While domestic violence and sexual assault is an issue we in the feminist community are familiar with, we sometimes tend to leave some people out of the conversation. For example, what ethnicity do you think has the highest rate of violence against women?

Chances are you might not have even thought to guess Native American women. Native American women are 2.5 times more likely to experience sexual assault crimes compared to all other races.



That leaves statistics to say 1 in 3 Native American women have been sexually assaulted.  Also, in a 2008 CDC study, 39% of Native women surveyed identified as victims of intimate partner violence in their lifetime, a rate higher than any other race or ethnicity surveyed. However, with an under reporting of crimes to tribal authorities and complications when assaults involve non- Native Americans, these numbers are not even as accurate as they could be. The Washington Post explains,


For decades, when a Native American woman has been assaulted or raped by a man who is non-Indian, she has had little or no recourse. Under long-standing law in Indian country, reservations are sovereign nations with their own police departments and courts in charge of prosecuting crimes on tribal land.

However, with advancements in the Violence Against Women Act (VAWA), three Native American tribes this week launched programs that now give them the legal jurisdiction to prosecute domestic violence crimes involving non- Native Americans with Native American women.
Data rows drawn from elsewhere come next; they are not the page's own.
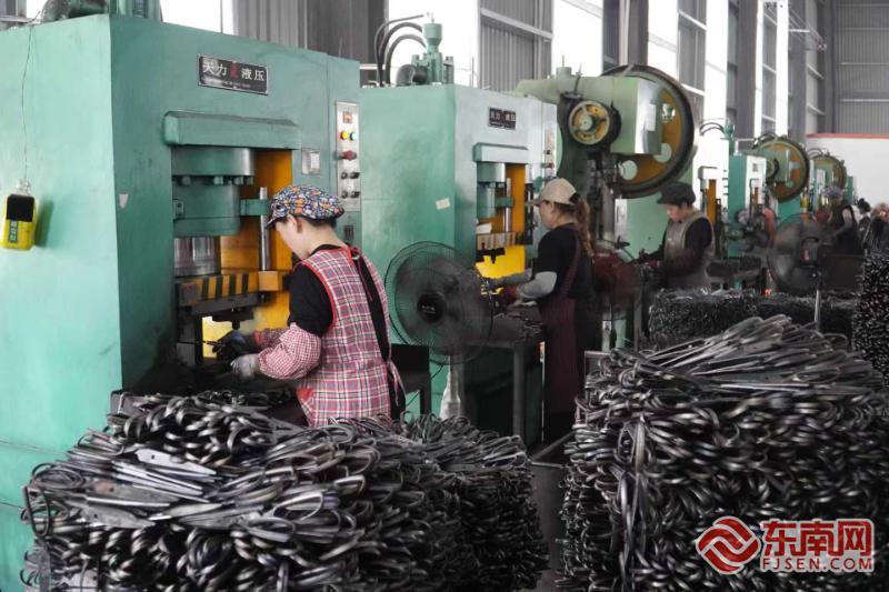 福建柘荣张小泉智能金属制造有限公司生产线。陈栩涛 摄 在柘荣双鹏刀剪有限公司生产车间,数控冲床、油压机、固化机、数控钻床等设备高效运转,项目全面建成投产后,预计年产剪刀1600余万把,提供就业岗位150余个。
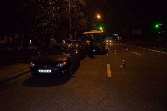 Аварія трапилася 22 серпня близько 22:30. За попередньою інформацією, співробітники поліції охорони зупинили Subaru, який їхав в бік вулиці Російської з вимкнутими фарами. Поліцейський автомобіль був припаркований позаду, В цьому ж напрямку їхала маршутка. З невідомих причин водій "Богдана" протаранив Volkswagen, а він за інерцією врізався в Subaru, повідомляє Інформатор.
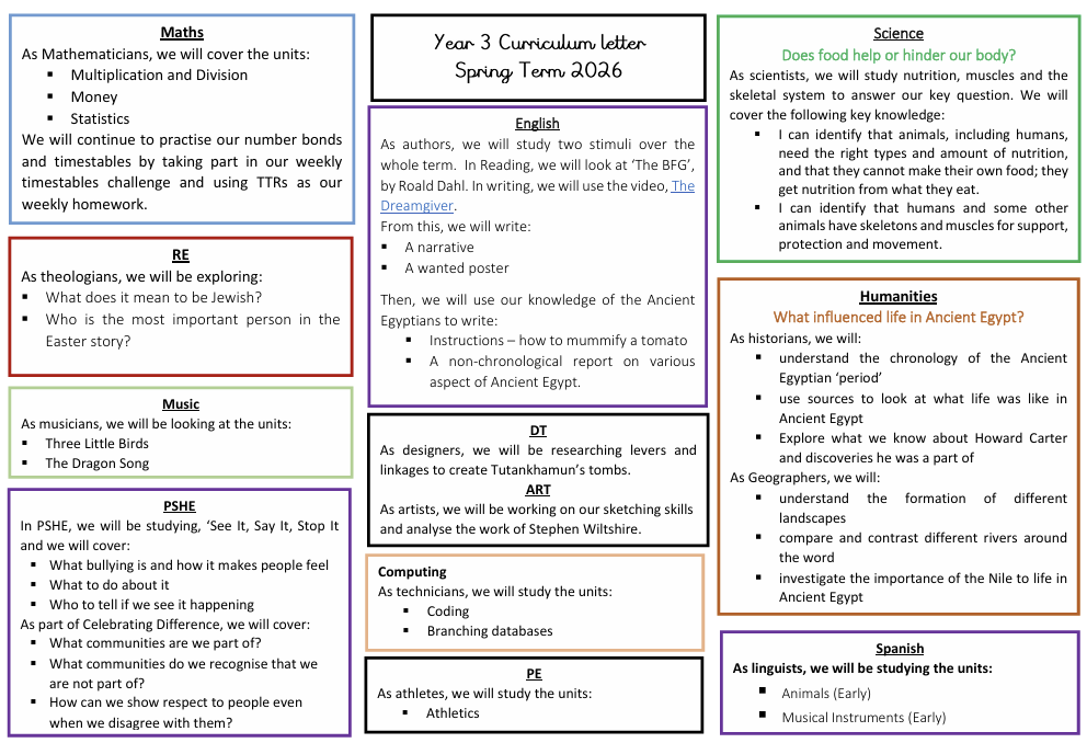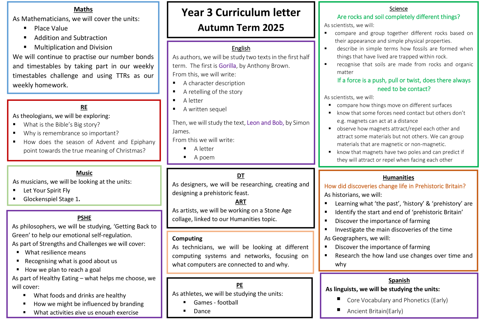 Hello and welcome to the Year 3 page! This is where you will find all the information you need to know about what we will be doing in Year 3 this term. There is so much to look forward to this year!
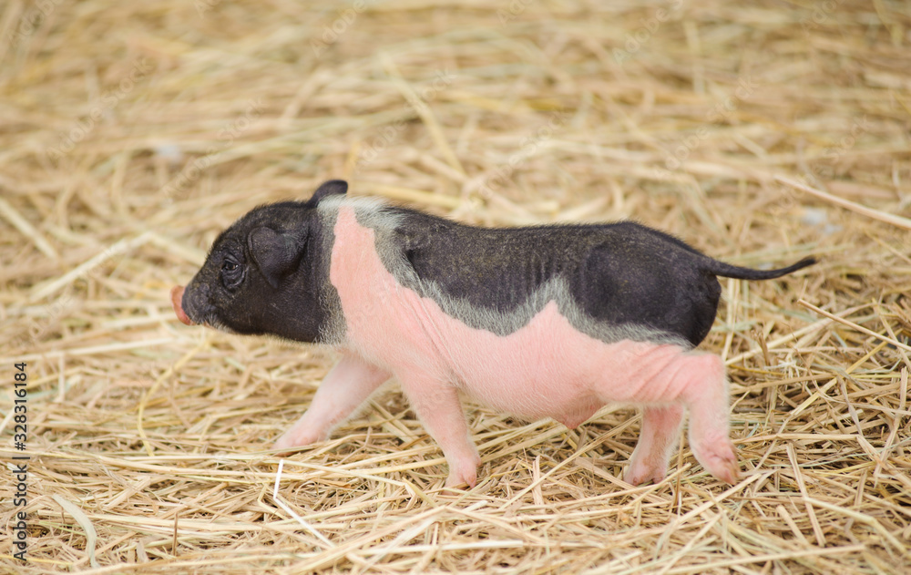 Cute pig bagy walking in farmyard

This is a huge step toward bringing cases to light and getting them through the legal system. The US Department of Justice announced the Pascua Yaqui Tribe in Arizona, the Tulalip Tribes of Washington, and the Confederated Tribes of the Umatilla Indian Reservation in Oregon have all met requirements to implement legal provisions for the law. While other tribes need to wait until 2015 to start using this law, it is a great step toward providing visibility for Native American women.  There are still complications to be worked out, but many say the new law “is a ray of hope. Maybe we can start protecting people and having the tribal members who live here on the reservation feel like something will be done.”


2 Responses to “Quick Hit: Native American Women and Legal Protection Against Assault”

  1. SarahStar77

    This is horrible. I am so glad you brought this up. I would have never guessed that Native American women are the most likely ethnic group to be sexually assaulted. It is wonderful that the Violence Against Women Act (VAWA) will give Native American tribes legal jurisdiction to prosecute domestic violence crimes that involve non-Native Americans with Native American women. Native Americans have been persecuted for too long in our country and I am so happy that something is being done to further protect Native American women today. What other regulations or methods do you think need to be implemented to protect Native American women? Nice post thanks for sharing this with us.


  2. ladylikesailormouth

    You know, I am not totally sure regulation wise because it gets a little tricky legally with Native American tribes. They are self- policing so you don’t want to intrude on their autonomy to enforce law, however you want to make sure everyone is getting equal protection. I do think an effective change would be having women’s voices represented more in Native American leadership roles. Having more women’s voices can help make their culture as well as ours more conscious of violence against all women.